Need support for PDF Data extraction

hello, i have create two separate robots to extract data from PDF invoices. each one extract data from an invoice with different language. each one work fine . but when i try to extract the data from all invoices at once in one robot i get this massage.


i need to fix this as i get invoices with different language.
Thanks

Hi @mohamed.saty2012 ,

I believe it might because not all of the languages are taken into consideration.

Could you let us know what was the configuration done in separate workflows to handle different language ? Or what was the method used for the Extraction ?

i am using Regex. check the workflow
Main.xaml (16.8 KB)

@mohamed.saty2012 ,

Could you let us know if you have checked the Regex Expression for Invoices of Different languages as well or was it only checked with one Language ?

Was a Similar Datatable created for the other workflow/Bot with different regex ?

yes, as i mentioned before i have created two separate workflow one for English and one for Arabic both are work fine. but not together. all Regex have been checked.

@mohamed.saty2012 ,

Could you maybe check whether adding the If Condition activity like below would help (Could not test as there were no data) :
image

I believe the error was happening since the regex used for Arabic invoice don’t result in any matches when English Invoice is passed/used and vice versa. So maybe a handling like stated above would be needed.

can i send to you two different invoices to check?

@mohamed.saty2012 ,

Yes. If not confidential, you can send here.

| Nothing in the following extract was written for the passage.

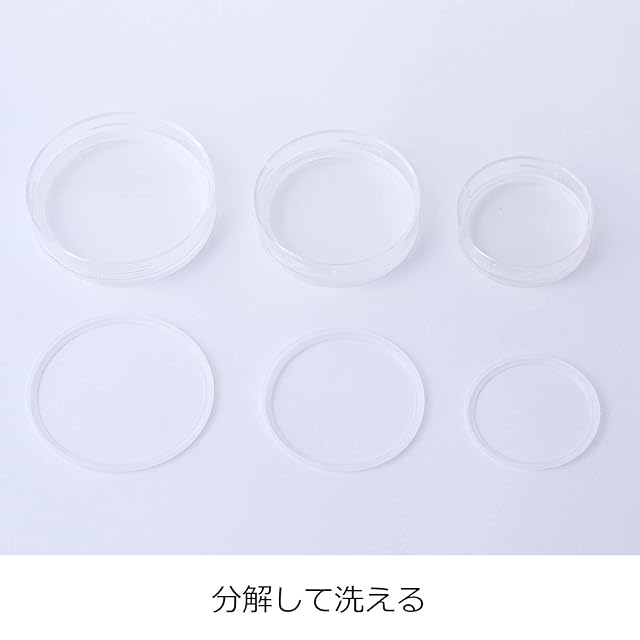 材質:本体/ソーダライムガラス フタ/PMMA=メタクリル樹脂(アクリル樹脂) パッキン/PE=ポリエチレン
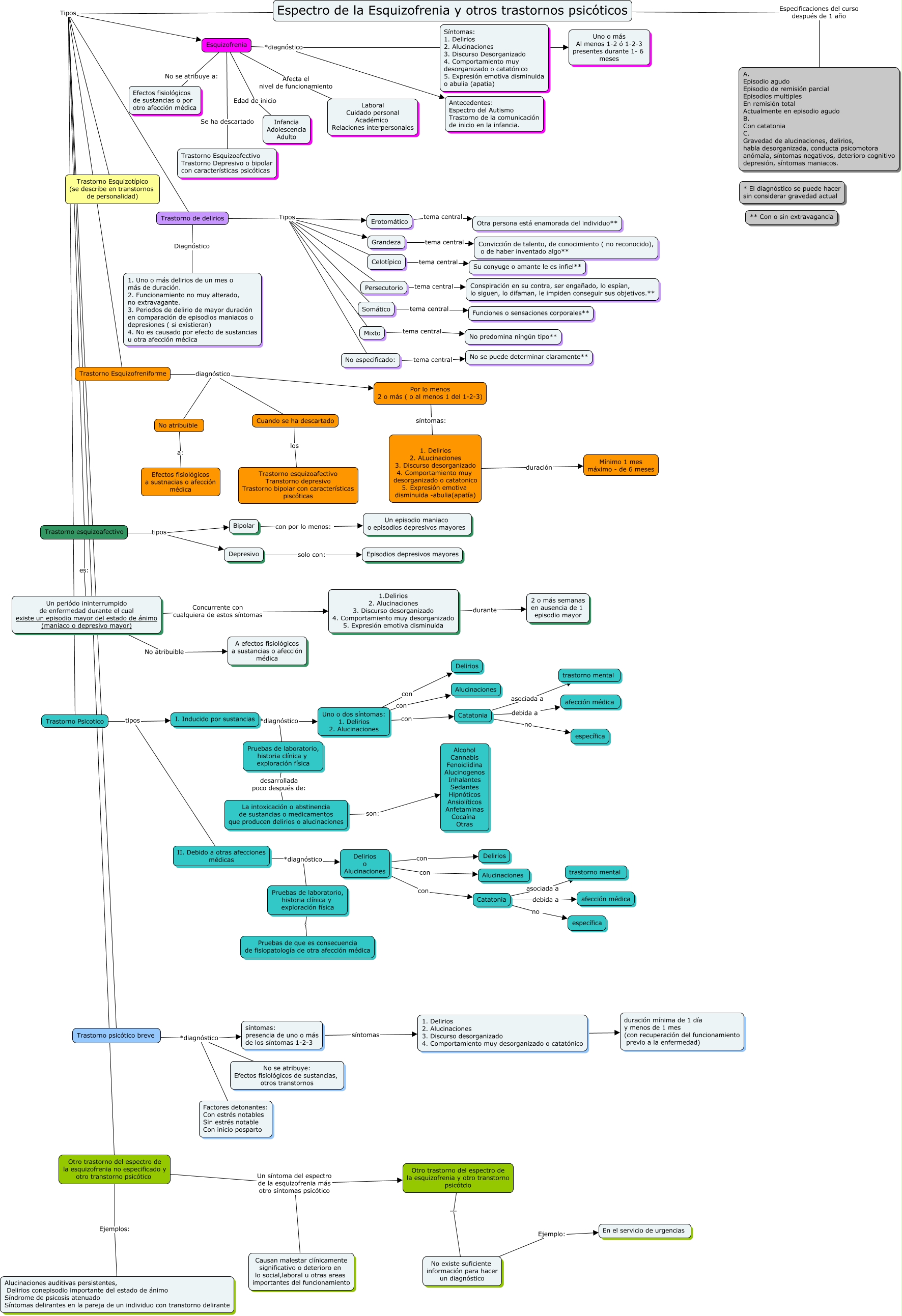 Este Cmap, tiene información relacionada con: 2. Espectro de la esquizofrenia y otros trastornos psicóticos, Un periódo ininterrumpido de enfermedad durante el cual existe un episodio mayor del estado de ánimo (maniaco o depresivo mayor) No atribuible A efectos fisiológicos a sustancias o afección médica, Catatonia debida a afección médica, Trastorno de delirios Tipos Celotípico, II. Debido a otras afecciones médicas *diagnóstico Delirios o Alucinaciones, Trastorno psicótico breve *diagnóstico síntomas: presencia de uno o más de los síntomas 1-2-3, Trastorno psicótico breve *diagnóstico No se atribuye: Efectos fisiológicos de sustancias, otros transtornos, La intoxicación o abstinencia de sustancias o medicamentos que producen delirios o alucinaciones son: Alcohol Cannabis Fenoiclidina Alucinogenos Inhalantes Sedantes Hipnóticos Ansiolíticos Anfetaminas Cocaína Otras, Espectro de la Esquizofrenia y otros trastornos psicóticos Tipos Trastorno Psicotico, Trastorno Esquizofreniforme diagnóstico No atribuible, Espectro de la Esquizofrenia y otros trastornos psicóticos Tipos Trastorno psicótico breve, Persecutorio tema central Conspiración en su contra, ser engañado, lo espían, lo siguen, lo difaman, le impiden conseguir sus objetivos.**, Grandeza tema central Convicción de talento, de conocimiento ( no reconocido), o de haber inventado algo**, Bipolar con por lo menos: Un episodio maniaco o episodios depresivos mayores, Delirios o Alucinaciones con Alucinaciones, Trastorno de delirios Tipos Persecutorio, Pruebas de laboratorio, historia clínica y exploración física . Pruebas de que es consecuencia de fisiopatología de otra afección médica, Catatonia debida a afección médica, Celotípico tema central Su conyuge o amante le es infiel**, Otro trastorno del espectro de la esquizofrenia y otro transtorno psicótcio ... No existe suficiente información para hacer un diagnóstico, Somático tema central Funciones o sensaciones corporales**

Egyptian Holand.pdf (61.0 KB)
Invoice3.pdf (54.0 KB)
the first one is Arabic the second is English. Thanks for your great support i am really appreciate it

@mohamed.saty2012 ,

When checked with your Input PDF data provided, we get the Output in the below manner :
image

this is great can you also add another result as the print screen


this is the output file
output.txt (2.8 KB)

also can i know what was missing in my sequence

@mohamed.saty2012 ,

As already provided screenshot before, I have added the If Activity /Condition to check if there are any matches with the associated regex expression for the document. If present, then I am adding the matched value, if not, I am assigning it an Empty string.
image

For the new Field value to be Extracted, I have checked found the below regex to be working :

.*(?=\s?اجمالي المبلغ \(ج\.م\))

Updated in the Build datatable :

Also added the New Column in Output DT :
image

Added also the value in Add Data Row activity :

Thanks Bro. Can you send the work flow to me please.:pray::heart:

@mohamed.saty2012 ,

Check the below updated workflow :
Main (1).xaml (20.3 KB)

Would encourage you to check the Screenshots and correct your workflow accordingly as some of the times the packages version used in my environment may cause conflicts in your environment.

Hello,

The error message you’re encountering when trying to extract data from invoices with different languages in a single robot is likely related to the language-specific settings or configurations within your robot. To resolve this issue and enable your robot to handle multiple languages, you can consider the following steps:

  1. Language Detection: Make sure your data extraction process includes language detection for each invoice. This can help your robot determine the language of the invoice and apply the appropriate language-specific rules and configurations.
  2. Multilingual OCR: If your invoices contain text in various languages, you should use Optical Character Recognition (OCR) software that supports multiple languages. OCR tools like Tesseract are capable of recognizing text in various languages. Ensure that your robot uses an OCR engine that’s equipped to handle the languages present in your invoices.
  3. Language-Specific Rules: Define language-specific extraction rules and configurations. For example, create separate templates or rules for each language that your invoices might be in. These rules should account for variations in layout and language-specific data extraction patterns.
  4. Conditional Processing: In your robot, implement conditional logic that checks the language of each invoice and applies the corresponding language-specific rule set. This allows your robot to adapt to different languages on the fly.
  5. Testing and Validation: Test your robot with invoices in various languages to ensure it correctly identifies the language, applies the appropriate rules, and extracts the data accurately.
  6. Error Handling: Implement error handling and logging to identify and address any issues that may arise during the data extraction process.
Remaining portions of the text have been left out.